# STORED DATA:
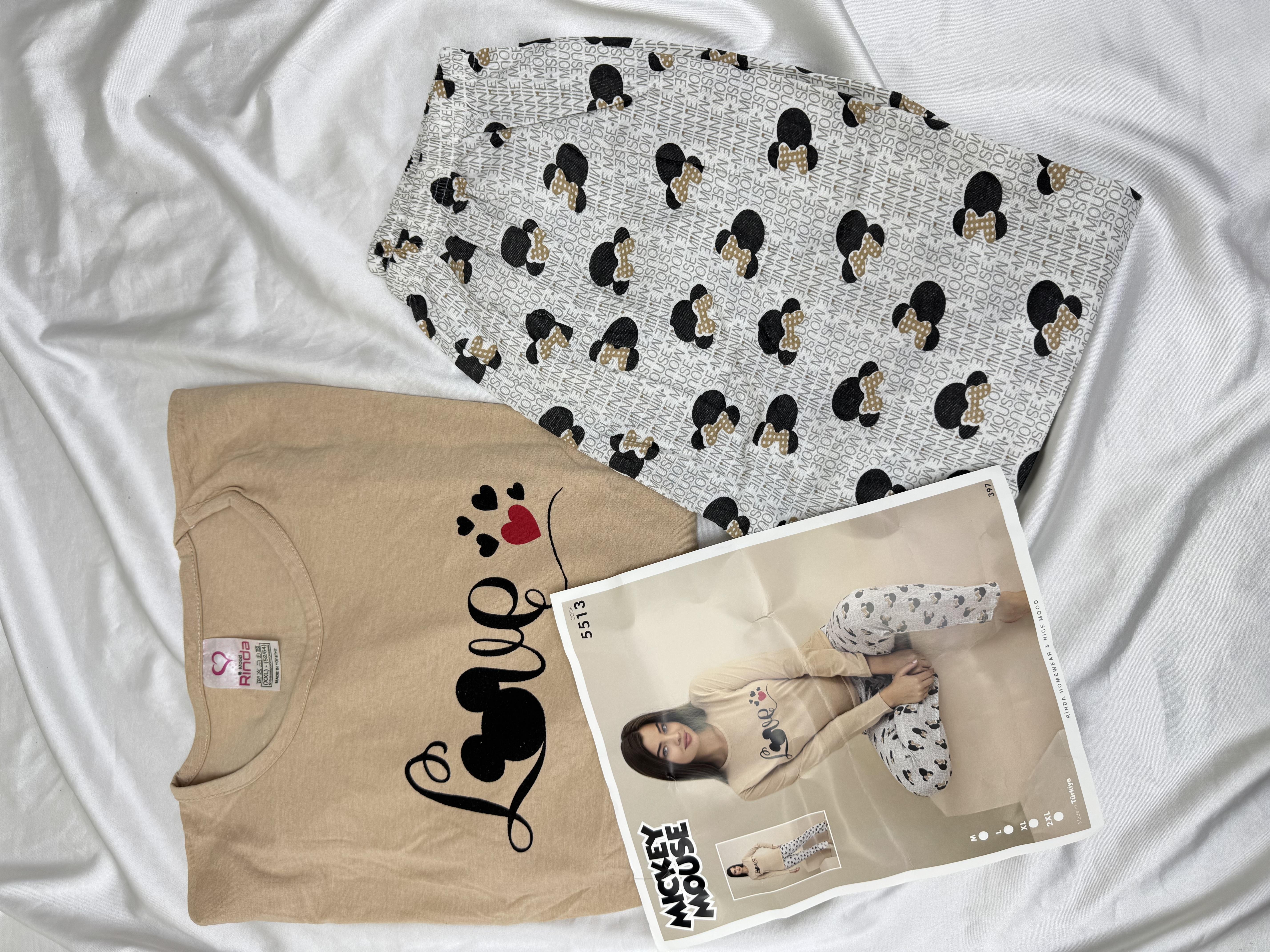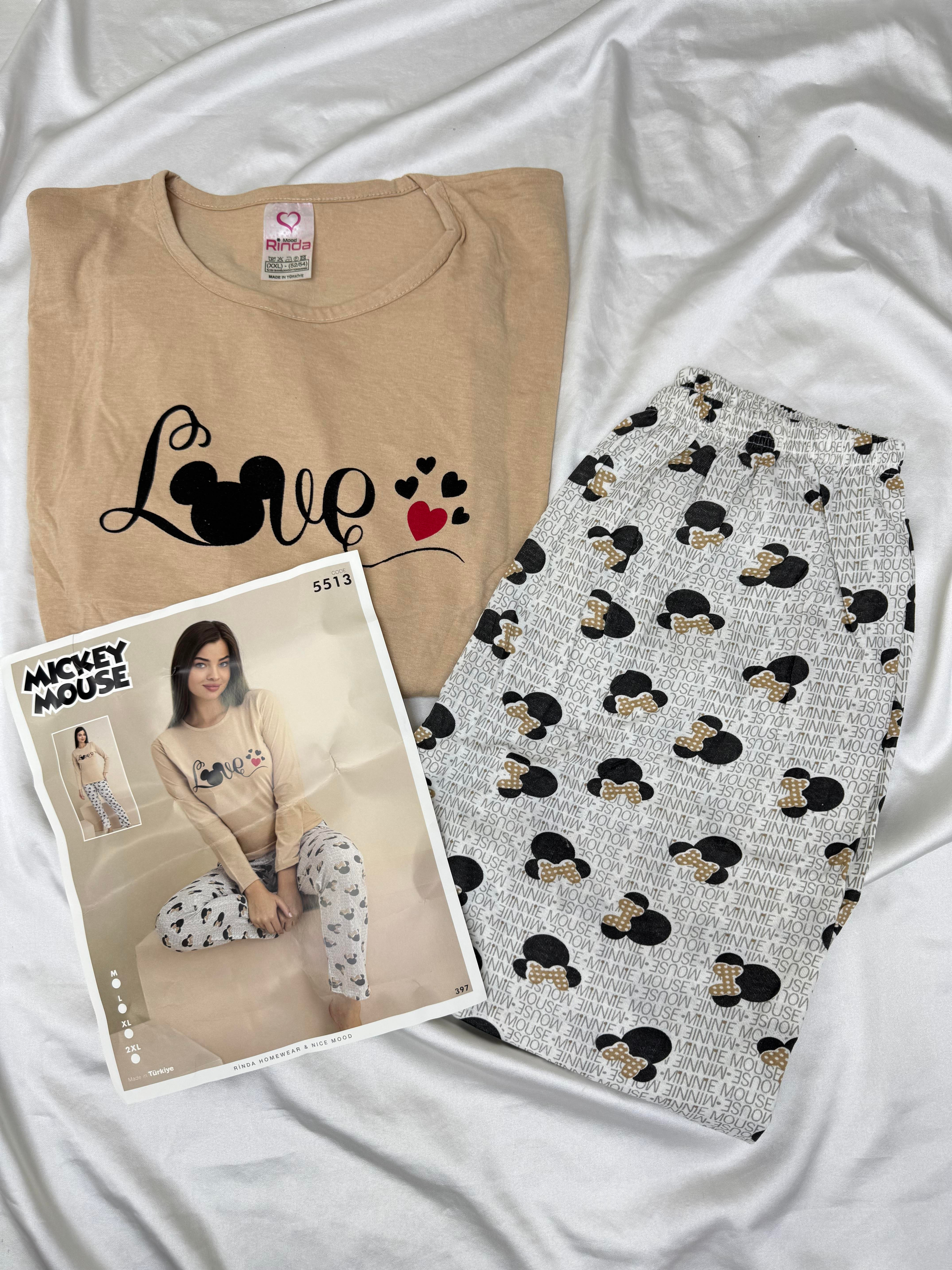 Ç5513- uzun kollu suprem mickie mouse pijama takımı - kahve (Ç5513)
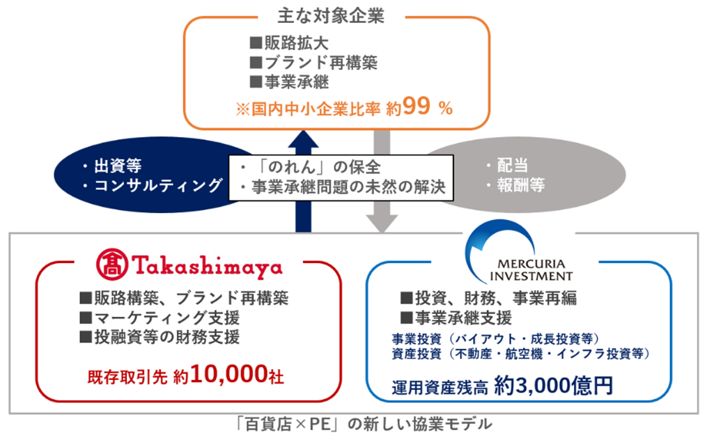 株式会社髙島屋(代表取締役社長:村田 善郎、以下「髙島屋」)と株式会社マーキュリアホールディングスの子会社である株式会社マーキュリアインベストメント(代表取締役:豊島 俊弘)及び株式会社マーキュリアアドバイザリー(代表取締役:深井 聡明、2社総称して以下「マーキュリア」)は、両社協業のもと、国内中小企業が有する伝統・技術を守り、文化・歴史を未来につなぐ「百年のれんプロジェクト」を発足いたしましたので、下記のとおりお知らせいたします。
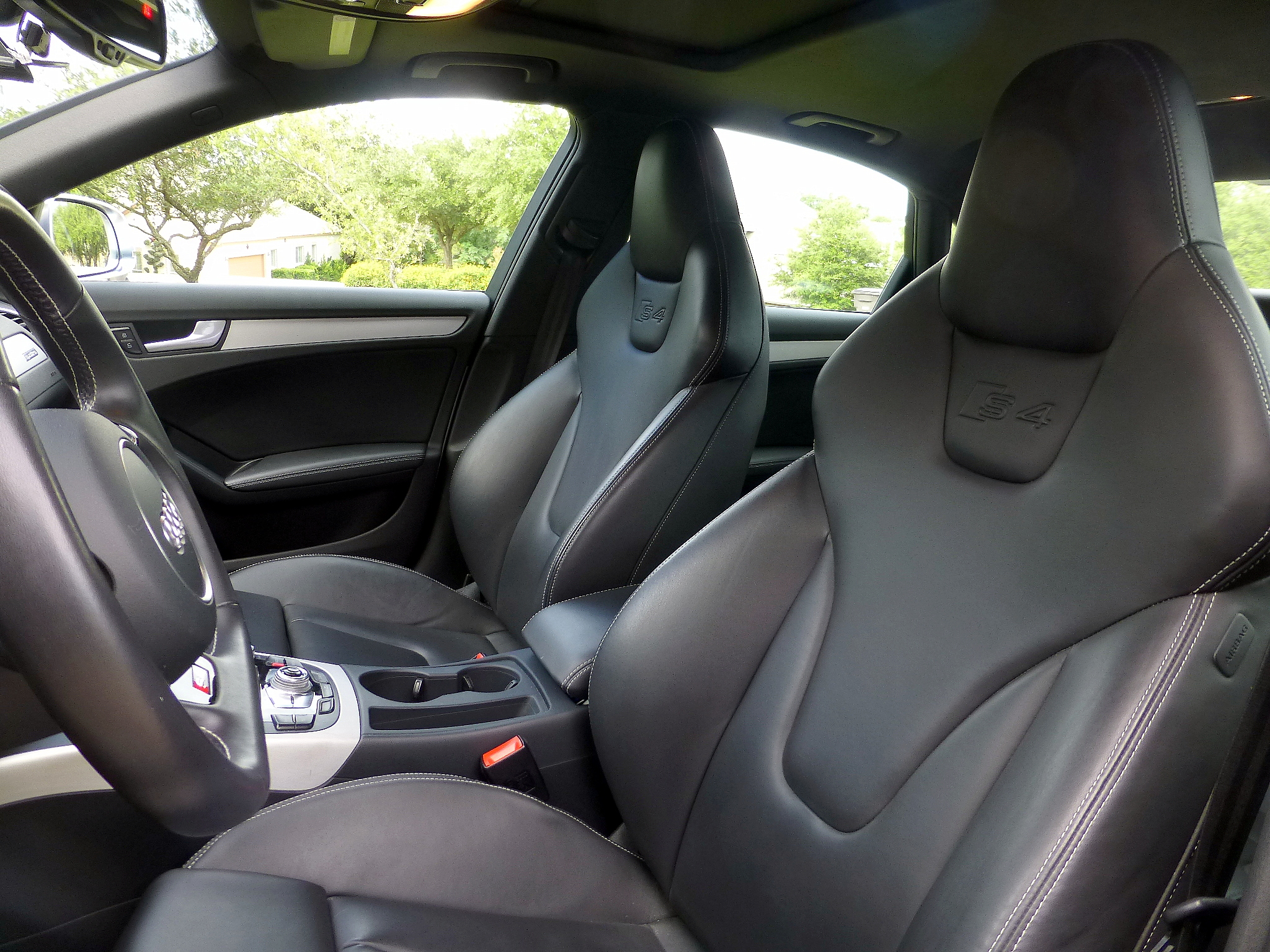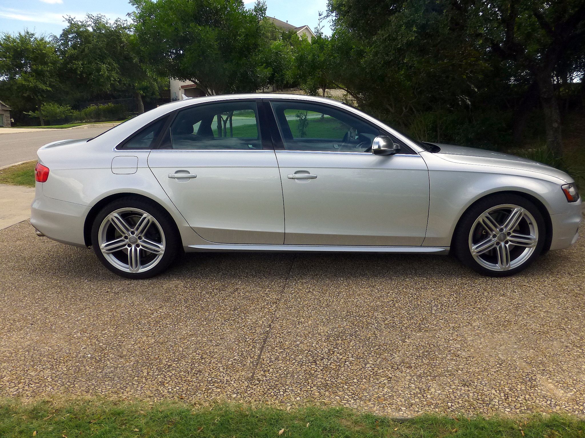 OPTIONS: Ice silver metallic exterior; all-black Nappa leather seats and interior; MMI Navigation Plus package has HD Radio, Sirius XM, navigation w/ voice control, color driver information display, Audi parking system plus w/ rearview camera, Audi Connect w/ online services; Quattro w/ sports differential; Audi adaptive damping suspension; Bang & Olufsen Sound System; 19" 5-segment-spoke wheels w/ Michelin 255/35-ZR19 summer tires; Audi side assist (lane-change warning); K&N air filter; New Hawk HPS 5.0 brake pads; V1 radar detector mount; Trunk liner; 2 key fobs; valet key; Audi tire guage; touch-up paint pen.

# WHAT TO WORK ON:
Exclude the pictures. Write out the remaining data exactly.

# ANSWER FOR THIS EXERCISE:
 Ç5513- uzun kollu suprem mickie mouse pijama takımı - kahve (Ç5513)
 株式会社髙島屋(代表取締役社長:村田 善郎、以下「髙島屋」)と株式会社マーキュリアホールディングスの子会社である株式会社マーキュリアインベストメント(代表取締役:豊島 俊弘)及び株式会社マーキュリアアドバイザリー(代表取締役:深井 聡明、2社総称して以下「マーキュリア」)は、両社協業のもと、国内中小企業が有する伝統・技術を守り、文化・歴史を未来につなぐ「百年のれんプロジェクト」を発足いたしましたので、下記のとおりお知らせいたします。
 OPTIONS: Ice silver metallic exterior; all-black Nappa leather seats and interior; MMI Navigation Plus package has HD Radio, Sirius XM, navigation w/ voice control, color driver information display, Audi parking system plus w/ rearview camera, Audi Connect w/ online services; Quattro w/ sports differential; Audi adaptive damping suspension; Bang & Olufsen Sound System; 19" 5-segment-spoke wheels w/ Michelin 255/35-ZR19 summer tires; Audi side assist (lane-change warning); K&N air filter; New Hawk HPS 5.0 brake pads; V1 radar detector mount; Trunk liner; 2 key fobs; valet key; Audi tire guage; touch-up paint pen.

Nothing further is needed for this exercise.